Limiting SSH to specific IPs or netblocks, and/or specifically _excluding_
those you're likely to never use, would also help cut down on the attack
surface. Not that hosts _within_ your perimiter don't get compromised, but
there are far fewer of them.

2FA including keyfobs is yet another option.

------
illumen
Get a range of ip addresses where you will log in from (your DSL address
ranges from home for example), and block all other ip addresses on that port.
You may want to add some other hosts you control to that whitelist as well as
a backup in case your ISP changes addresses. If you are the only one that is
supposed to access some ports, then block everyone else. (use last -a to see
all the places you've logged in recently to start making your whitelist).

You can also rate limit new connections to ssh depending on your use cases. So
even if your whitelist is beaten you limit the number of attempts.
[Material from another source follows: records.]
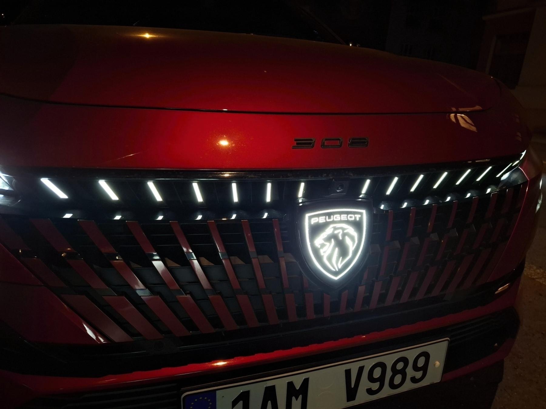 Osvětlené logo Peugeot je velmi působivým prvkem podtrhujícím jedinečnou osobnost modelů 308 a 308 SW. V této podobě je logo v rámci značky použito vůbec poprvé. Stává se středobodem přepracované přídě a hrdě vyjadřuje příslušnost ke značce.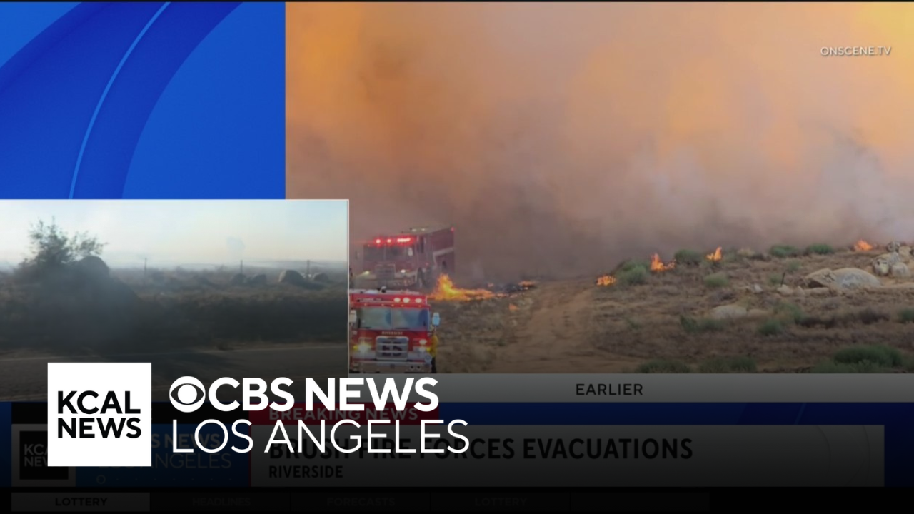 Laurie Perez reports from Riverside, where homes were evacuated on Sunday due to the 80+ acre Mandalay Fire.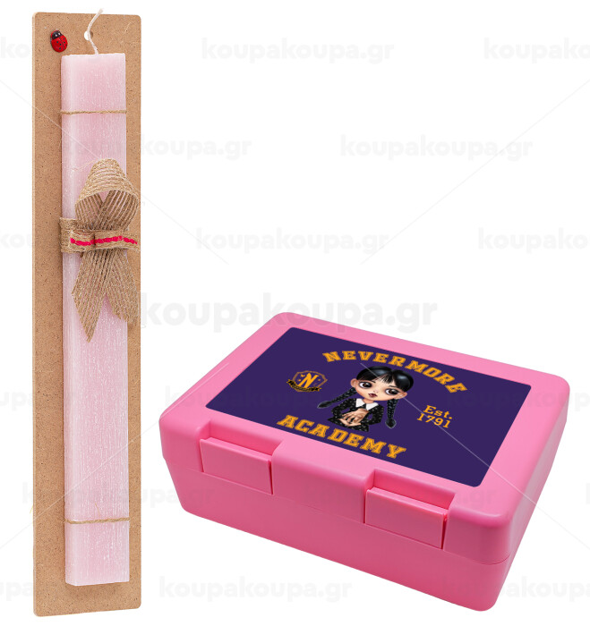 Wednesday Adams, nevermore, Πασχαλινή Λαμπάδα με παιδικό δοχείο κολατσιού ΡΟΖ & κερί αρωματικό πλακέ (30cm) (ΡΟΖ)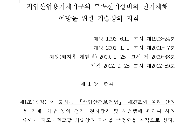 [고용노동부고시 제2012-89호] 저압산업용기계기구의 부속전기설비의 전기재해예방을위한 기술상의지침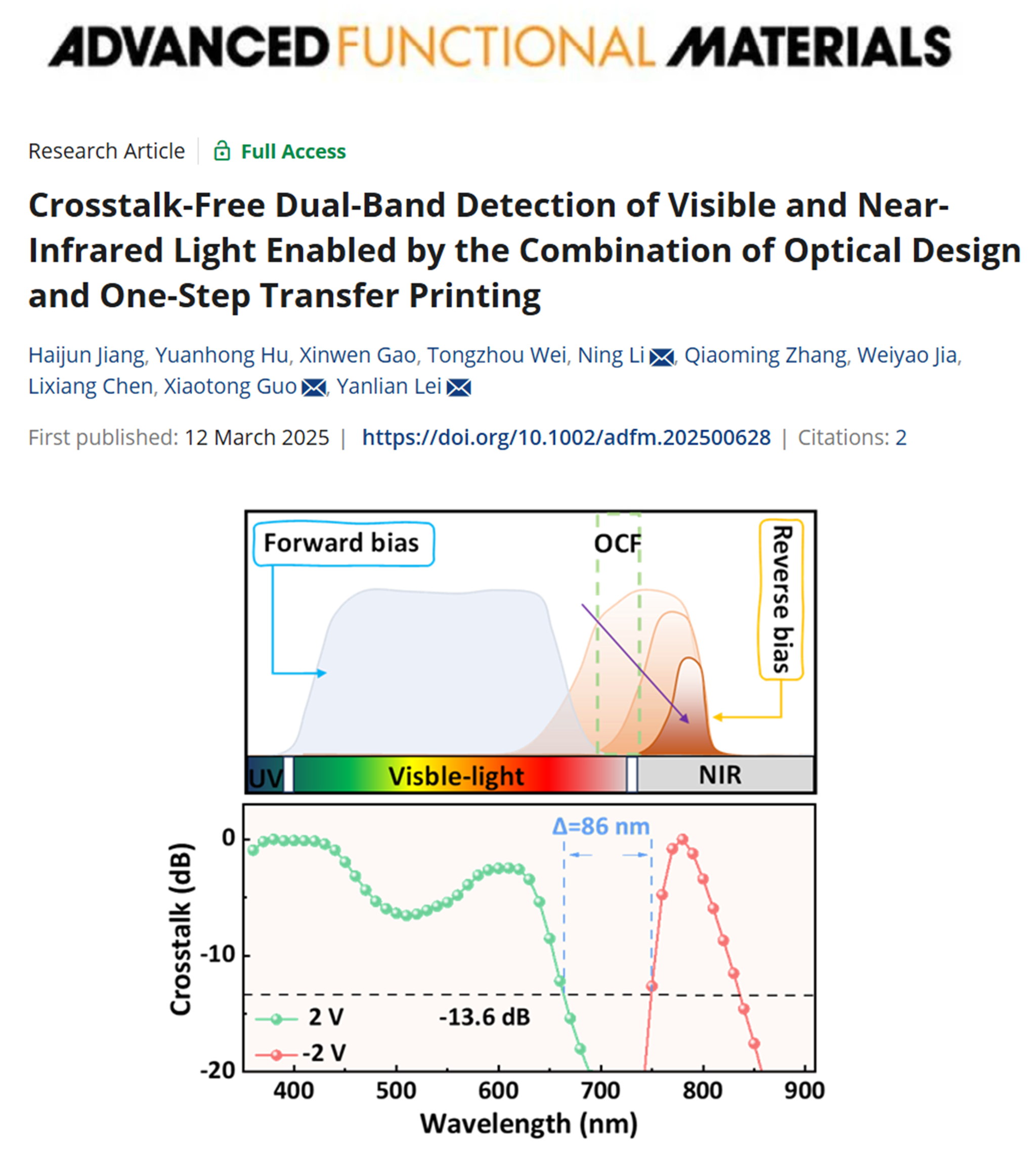 光学串扰会对图像识别和光通信等应用中的检测精度产生不利影响,是传统双波段光电探测器面临的一个关键挑战。针对这一问题,团队提出了一种通过垂直背靠背堆叠结构来消除双波段有机光电探测器中光学串扰的有效策略。该策略将用于短波长(可见光)吸收的异质结置于前侧,而用于长波长(NIR)吸收的异质结置于后侧。与以往通过增加前端单位厚度或增加光学间隔层的方法不同,团队利用一步转印方法增加后侧NIR吸收层的厚度。该技术不仅克服了溶液法制备有机厚膜的技术难题,还实现了双波段探测器中无串扰的光响应。基于器件内光场分布优化和电荷收集窄化机制,有效滤除了的短波长光的信号干扰,从而实现了在正向偏压下可见光和在反向偏压下窄带NIR光的独立检测。更重要的是,该方法适用范围广,不需要对吸收层进行特殊选择或设计,并成功验证了其在抗干扰信号检测和光通信中的应用,为未来开发无光学串扰多模光电器件提供了新思路。以上结果以“Crosstalk-Free Dual-Band Detection of Visible and Near-Infrared Light Enabled by the Combination of Optical Design and One-Step Transfer Printing”为题发表在《Advanced Function Materials》(2500628, 2025)上,大发快三 2022级硕士研究生蒋海军为该论文的第一作者,雷衍连副教授、南京理工大学李宁教授、重庆赛宝工业研究院郭小童博士为论文通讯作者,大发快三-大发快三平台-大发快三官网 (微纳结构光电子学重庆市重点实验室)为第一完成单位。

Now add fail2ban, so that even at 10 new rate limited connections per minute
they get banned after X failed attempts.

Change the default port of ssh, to make it harder to find.

Remove password authentication, and make sure you have good secure keys.

You can also disable sudo, and root logins perhaps. As well you could try 2
factor auth, and perhaps move your keys to a secure(encrypted) USB drive.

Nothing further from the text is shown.